В основе следующего высказывания также лежит объектная категориальная
модель психики, однако при этом явления внутреннего мира интерпретируются
как объекты уже не как посессивные объекты, а как делибераты – объекты
познавательной деятельности. В контексте фантастического рассказа К.
Булычева данная репрезентация ментальной сферы «согласуется» с результатами
описанного автором эксперимента по проникновению в сознание человека и
контролю над процессами мышления:
Лучше надеяться на то, что, разгадав сущность мышления, научившись читать мозг, как напечатанную книгу, научившись слушать мысли, мы поможем и нашим меньшим братьям (К. Булычев Летнее утро).
Подобное использование образной модели, актуализация наивных представлений, лежащих в ее основе, представляет собой один из эстетически значимых стилистических приемов деформации реальности, составляющей саму суть фантастики. Демонстративное нарушение художественного правдоподобия необходимо в данном случае для того, чтобы «неожиданно или даже гротескно показать проблему, сегодня, может быть, еще не вполне очевидную»[11].
3. 3. Образно-ассоциативный и прагмастилистический потенциал
семантической категории и субкатегории инструмента
В процессе сигнификативной интерпретации психологических ситуаций может использоваться категория инструмента, главным категориальным признаком которой, позволяющим подвести под понятия инструмента (орудия, средства) самые разнообразные предметы, явления, действия, признается целенаправленность их применения, другими словами – непосредственная связь с категорией цели [Новый философский словарь 2001: 311; Новая философская энциклопедия 2000, т.1: 633; Ямшанова 1989: 142-143; Твердохлеб 2001].
Телеологический характер инструментальной категории (инструмент
определяется в отношении к цели деятельности) позволяет получить роль
средства осуществления всякому предмету, действию, явлению, оказавшимся
«тем, что «служит» цели и имеет смысл в связи с ней» [Философская
энциклопедия 1967, т. 5: 123], в том числе и компонентам внутреннего мира
человека.
Использование инструментальной категории в области семантической репрезентации осознаваемых, нередко контролируемых субъектом внутренних состояний (каковыми они представлены в упомянутой модели) имеет ряд особенностей, одни из которых обусловлены денотативно – отличительными свойствами внеязыковой ситуации, другие – сигнификативно, «канонами» наивной анатомии, определяющими языковую концептуализацию.

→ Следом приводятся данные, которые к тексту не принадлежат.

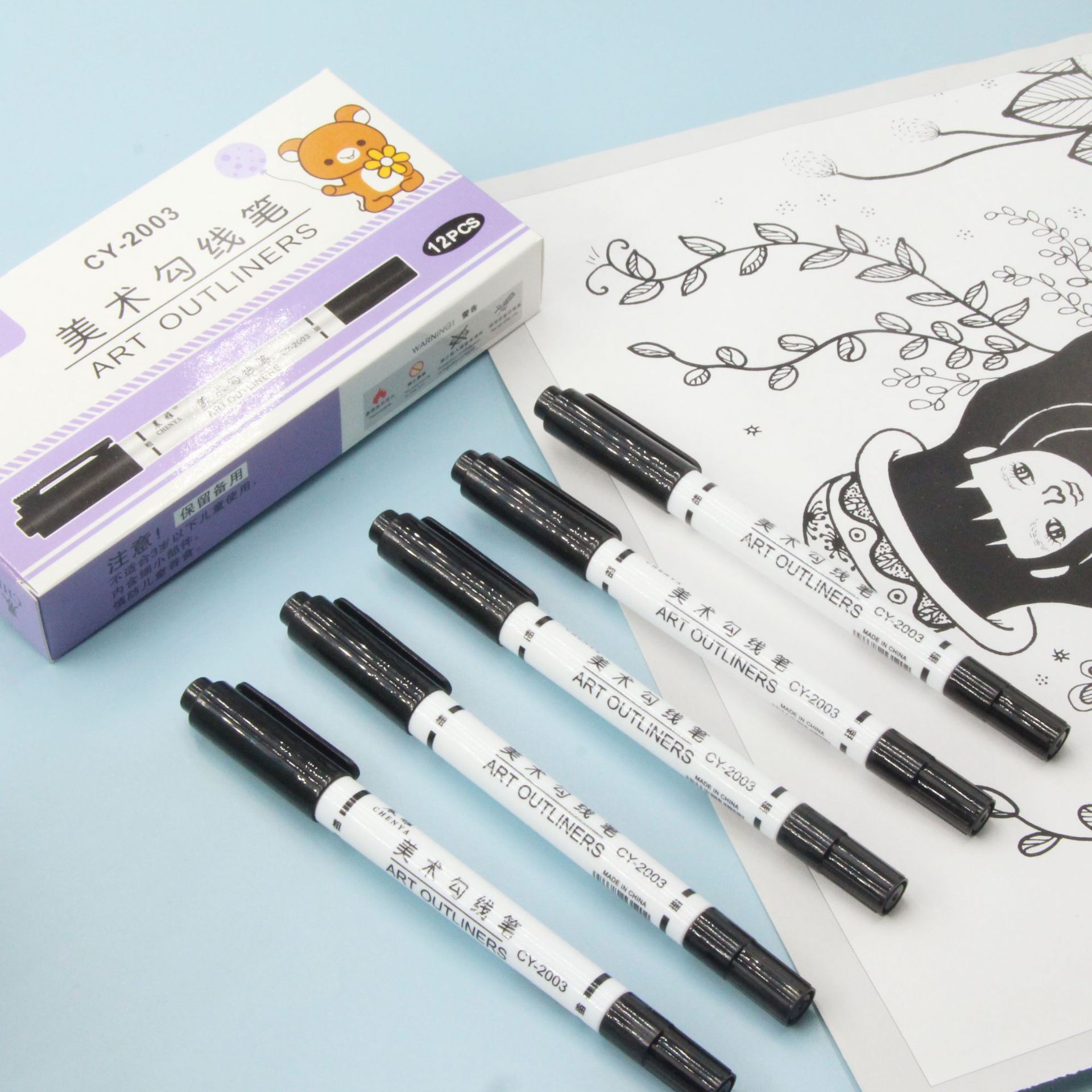 アートフックラインペン子供の絵画黒水性ストロークペン小さな両端マーカー細字学生トレースペン

Прежде всего, инструментальная категория используется главным образом
в процессе непрямой, образно-ассоциативной репрезентации внутреннего
человека: она не предполагает реалистического изображения психических
состояний, процессов человека. Именно в сфере инструментальных образов-
ипостасей внутреннего человека обнаруживают серьезные отличия наивной
языковой картины мира и концептуальной картины говорящих [Апресян 1995;
Урысон 1995; Одинцова 2000б; Шмелев 2000]. Наивные представления о системе
органов внутренней жизни (функционирование которых обеспечивает протекание
психических процессов), представляют собой, как полагают исследователи, осколки первобытной концептуальной картины мира. Они закреплены в
семантике языковых единиц (полюбить всем сердцем, напрячь память, дойти
умом, ненавидеть всеми фибрами души и др.), составляют важную часть наивной
языковой картины мира и, таким образом, определяют языковое поведение
говорящих, хотя и не соответствуют концептуальному знанию о человеке
современных носителей языка. «…Эти примитивные представления практически
вытеснены из сознания современного носителя языка более поздними знаниями
анатомии, физиологии и психологии» [Урысон 1995: 15].
Особое место в языковой системе занимают номинации «частей» человека, формирующих в наивной анатомии систему интеллекта: мозг (мозги) и его метонимический заменитель голова (в системе своих стилистических синонимов: котелок, башка и т. п.), - получивших в языковой картине мира близкую естественно-научной трактовку органов мышления, инструментов, с помощью которых люди думают, понимают. Эта трактовка, запечатленная в выражениях типа работать головой, котелок не варит, шевели мозгами, сходна с анатомическим определением мозга как органа, составляющего центральную нервную систему человека и обеспечивающие высшую нервную деятельность, которая заключается в приспособлении к окружающей среде, в том числе за счет ментальной обработки поступающей извне информации [Популярная медицинская энциклопедия 1961: 613].
Кроме того, вышеупомянутые особенности касаются ограничений на
инструментальную категоризацию психических феноменов, формирующих состав
внутреннего человека. В отличие от субъектной и пространственной
категорий, открытых практически для любого «предмета» психики (будь то
орган внутренней жизни человека, результат его интеллектуальной
деятельности, опредмеченные психические состояния, свойства, действия или
субъект в целом), СК инструмента предполагает относительно узкий круг
членов, выступающих в качестве целенаправленно используемых средств, обеспечивающих протекание тех или иных психических процессов. Это, в
частности, касается системы органов и квазиорганов психики, формирующих в
наивной ЯКМ модель человека, которые уподобляются органам человеческого
тела, обеспечивающим своим функционированием жизнедеятельность организма.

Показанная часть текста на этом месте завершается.